Les restes de 16 mineurs ont été découverts dans un charnier dans le Khyber Pakhtunkhwa le 9 avril, près de dix ans après leur disparition. La zone où ils ont été découverts était autrefois un bastion des talibans pakistanais, mais les habitants affirment que les militants et les forces de sécurité pakistanaises procédaient à des enlèvements et à des assassinats au moment de la disparition des mineurs, ces dernières dans le cadre de leurs opérations antiterroristes.

Quelques semaines avant la découverte des corps, des hommes armés associés à un groupe local de terroristes partisans de l’État islamique ont sauvagement assassiné 11 travailleurs de l’ethnie hazara, un groupe minoritaire chiite persécuté de longue date au Pakistan et en Afghanistan, dans le district de Mach, au Baloutchistan. Le groupe a revendiqué le fait d’avoir bandé les yeux des travailleurs et de les avoir finalement ligotés dans leurs baraquements communaux, près des mines où ils travaillaient.

Mohammad Ali, un collègue de Mohammad Israr, a déclaré que le massacre des mineurs d’origine hazara à Mach a aggravé le traumatisme subi par les mineurs du Baloutchistan. « La faux de la mort plane toujours au-dessus de nos têtes à l’intérieur de la mine, car celle-ci peut s’effondrer sur nous à tout moment, mais l’assassinat de travailleurs dans leurs chambres pendant la nuit prouve simplement que nous ne sommes en sécurité nulle part », a confié le jeune homme de 20 ans à Equal Times.

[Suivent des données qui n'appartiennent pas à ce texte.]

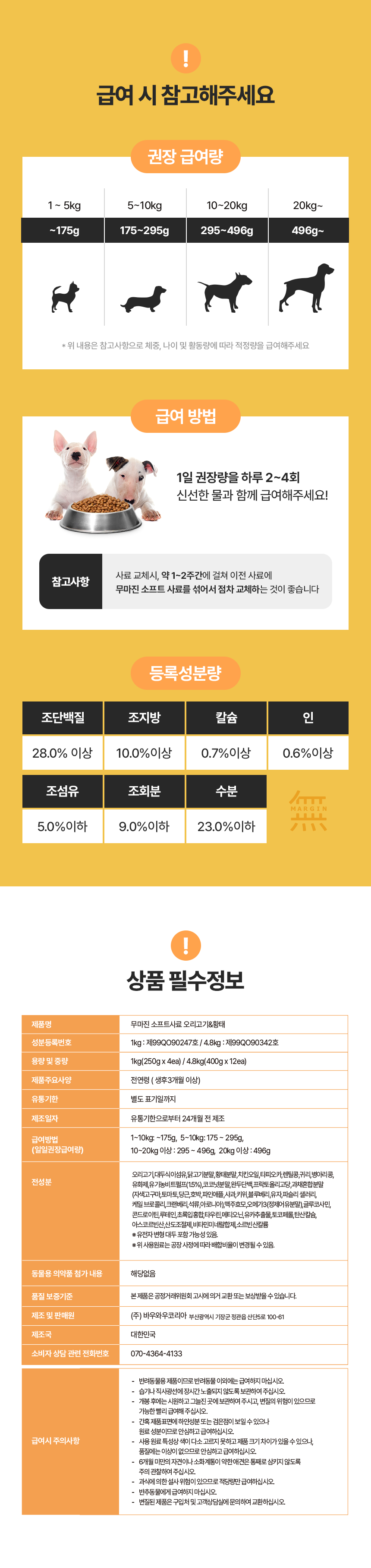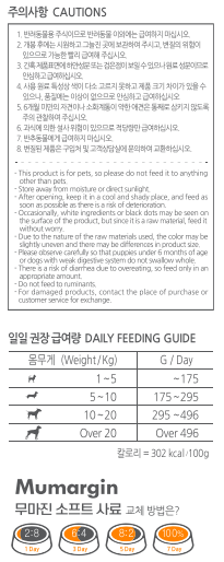 | 품명 및 모델명 | 무마진 소프트사료 오리고기&황태 | 인증사항 | 사료관리법에 따른 성분등록번호 : 컨텐츠 참조 |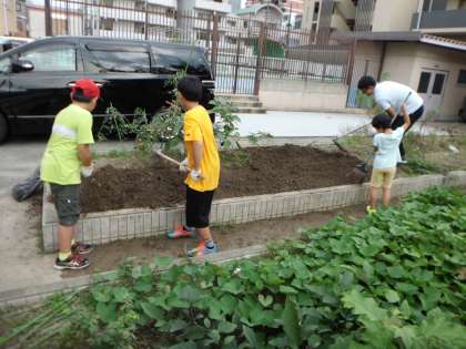 先週耕した畑を昨日も根気よく,汗を光らせながら耕し,更にフカフカにしました。

Les membres de la communauté hazara pensent que l’incident de Mach est identique aux assassinats ciblés de leurs membres en raison de leurs croyances religieuses dans d’autres régions du Pakistan et de l’Afghanistan. Pendant plusieurs jours, dans une démarche désespérée pour demander plus de sécurité, ils ont organisé un sit-in de protestation avec les cadavres des mineurs.

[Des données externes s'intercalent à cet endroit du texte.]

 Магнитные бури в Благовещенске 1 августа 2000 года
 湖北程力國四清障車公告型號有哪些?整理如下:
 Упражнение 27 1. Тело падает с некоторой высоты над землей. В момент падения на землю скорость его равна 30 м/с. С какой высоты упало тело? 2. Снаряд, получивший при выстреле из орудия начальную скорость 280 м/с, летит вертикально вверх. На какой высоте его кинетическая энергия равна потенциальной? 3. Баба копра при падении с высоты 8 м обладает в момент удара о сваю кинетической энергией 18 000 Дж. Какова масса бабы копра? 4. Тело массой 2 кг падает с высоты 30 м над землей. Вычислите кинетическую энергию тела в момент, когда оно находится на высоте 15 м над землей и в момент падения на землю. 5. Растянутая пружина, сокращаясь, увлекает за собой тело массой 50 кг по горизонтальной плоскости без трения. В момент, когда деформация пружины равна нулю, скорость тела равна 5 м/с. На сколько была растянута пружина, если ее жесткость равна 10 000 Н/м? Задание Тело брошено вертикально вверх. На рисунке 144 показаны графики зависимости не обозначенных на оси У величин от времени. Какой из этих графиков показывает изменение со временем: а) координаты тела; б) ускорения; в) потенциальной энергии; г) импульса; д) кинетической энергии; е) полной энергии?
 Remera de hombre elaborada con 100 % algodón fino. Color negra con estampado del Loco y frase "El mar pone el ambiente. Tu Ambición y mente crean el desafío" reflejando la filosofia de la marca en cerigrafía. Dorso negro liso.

L’action a poussé le Premier ministre Imran Khan à assurer à la communauté hazara ébranlée par les faits qu’il veillerait à sa sécurité, tout en qualifiant le massacre de tentative d’incitations aux violences sectaires dans le pays. « Je partage votre douleur et je suis venu à vous aussi pour me tenir à vos côtés dans votre moment de souffrance. […] Je ne trahirai jamais la confiance de mon peuple », a-t-il déclaré sur Twitter.

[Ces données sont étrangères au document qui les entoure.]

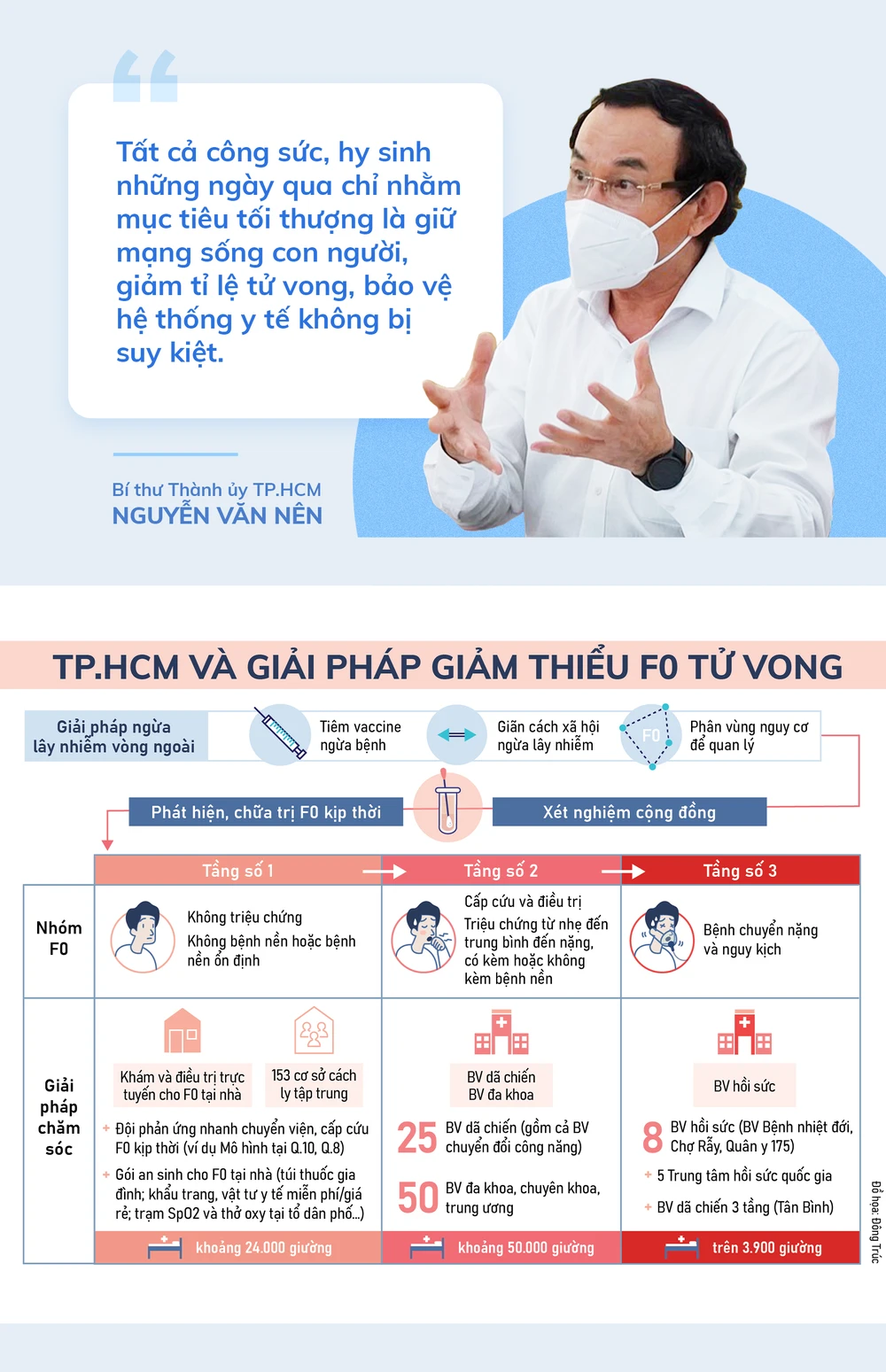 Ưu tiên số một là hệ thống y tế, các y bác sĩ tuyến đầu, quân đội công an – những người phải được bảo vệ tối đa (ưu tiên vaccine, đồ bảo hộ,…). Sau đó, chính là người già, có bệnh nền để họ không trở nặng, gây quá tải y tế.

De nombreux mineurs d’origine hazara viennent de la région de l’Hazaristan, dans le centre de l’Afghanistan. Dans un entretien avec Equal Times, des membres de la communauté ont déclaré qu’ils avaient fui l’Afghanistan pour échapper à la guerre et aux persécutions, et du fait qu’ils ne disposaient pas des documents nécessaires, leur seule option de travail était l’exploitation minière illégale. « Nous sommes forcés de travailler pendant de longues heures et dans des conditions périlleuses, mais que pouvons-nous faire ? Nous ne pouvons pas faire entendre nos voix ni demander justice », déclare un mineur afghan.